12:40-1:40 Monday, Wednesday and Friday

 

This seminar will take you on a musical journey into the cultures of East Asian and Western civilizations.  Interdisciplinary issues will include examining how each historical period's music relates to the visual arts, regional and global politics, economic and philosophical issues.  After a brief introduction to basic musical material structure and form, a selective survey spanning approximately 1600 years of music will ensue.  This will be accomplished through interactive multimedia (the WWW, audio and video-enhanced) classroom lectures, attending concerts, writing short research and response papers, periodic exams and oral presentations.

 

Sustainability, Science and Springfield

Dr. Andrew Scholl (Geography)

10:20-11:20 Monday, Wednesday and Friday

Sustainability has becoming a very popular catchphrase in the past few years, but what does it actually mean to be sustainable?  Generally defined as using natural resources at rates that allow people to live a high quality life today while not limiting the ability of future generations to be able to live a high quality life, the concept of sustainability has become one of the most challenging issues facing society today, and also one of the most contentious.  Nevertheless, global concerns about climate change, deforestation, access to freshwater, and the ability to feed ourselves have placed sustainability debates in the spotlight in both developed and developing nations.  The field of sustainability has developed as an interdisciplinary field between the areas of scientific knowledge, technological innovations and economic, social and political concerns.  In this course we will explore what sustainability is and how it relates to our lives here at Wittenberg and also the global community.  We will look at the role of scientific research in the field of sustainability and our understanding of the environment and natural resources.  In addition we will study specific environmental issues, and the challenges facing society when those issues are considered in the context of people’s lives and livelihoods.  Course work will involve and independent research project into a specific environmental issue, and also a group project exploring a sustainability issue on either the Wittenberg campus or the city of Springfield.  

 

What is Language?

Dr. Terumi Imai (Foreign Languages and Literature)
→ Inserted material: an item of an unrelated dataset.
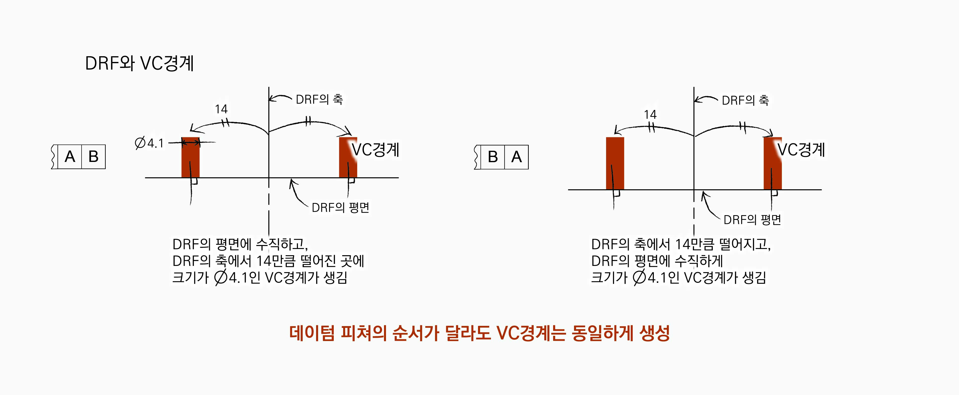 VC경계는 데이텀 평면 A에 수직하고, 데이텀 축에서 14만큼 떨어진 곳에 위치한다. VC경계의 크기는 통제피쳐인 홀의 MMC 크기로 정해진다. 따라서 위와 같은 경우의 VC경계의 크기는 ∅4.1이다. |A|B|인 경우와 |B|A|인 경우 DRF가 동일하기 때문에 VC경계는 결과적으로 동일하게 생성된다. 데이텀 피쳐의 순서를 다르게 했을 때 차이는 실제 파트의 편차때문에 발생하고, 실제 파트를 DRF에 연관시킬 때 발생한다.

12:30-2:00 Tuesday and Thursday

 

Even if you have not asked yourself this question, you may have studied a foreign language and noticed how different the language is from English. You may also have found it difficult to learn a foreign language. In this course, you will learn the fundamental principles of language that are common to all human languages and how and why different groups of people speak differently. We will look at the factors such as region, gender, age, ethnicity, and social status.

 

'La Vie Boheme': Life as Art in the Modern Age

Dr. Hester Westley (Art)

12:40-1:40 Monday, Wednesday and Friday

Every culture implies its opposite, a counterculture.  Beginning in the nineteenth century, the counterculture life captured the attention--and imaginations--of the various artistic communities in France, England, and America.  Viewed largely as eccentric, subversive, and 'free', the bohemian life offered an openness to ideas and a freedom of expression that we can only begin to understand now.  This course will read widely in historical and creative accounts of the bohemian life, and it will draw heavily upon the visual arts as well as the literary developments of the nineteenth century.  Exposed to a range of perspectives on la vie boheme, the student will be required to submit several short essays, a journal of his/her own accounts of the bohemian life, and participate in several artistic events outside of the class.  A pervasive presence throughout the twentieth century, la vie boheme will work to answer pressing questions about the role of art, the role of imagination, and the place of the individual in the Modern Age.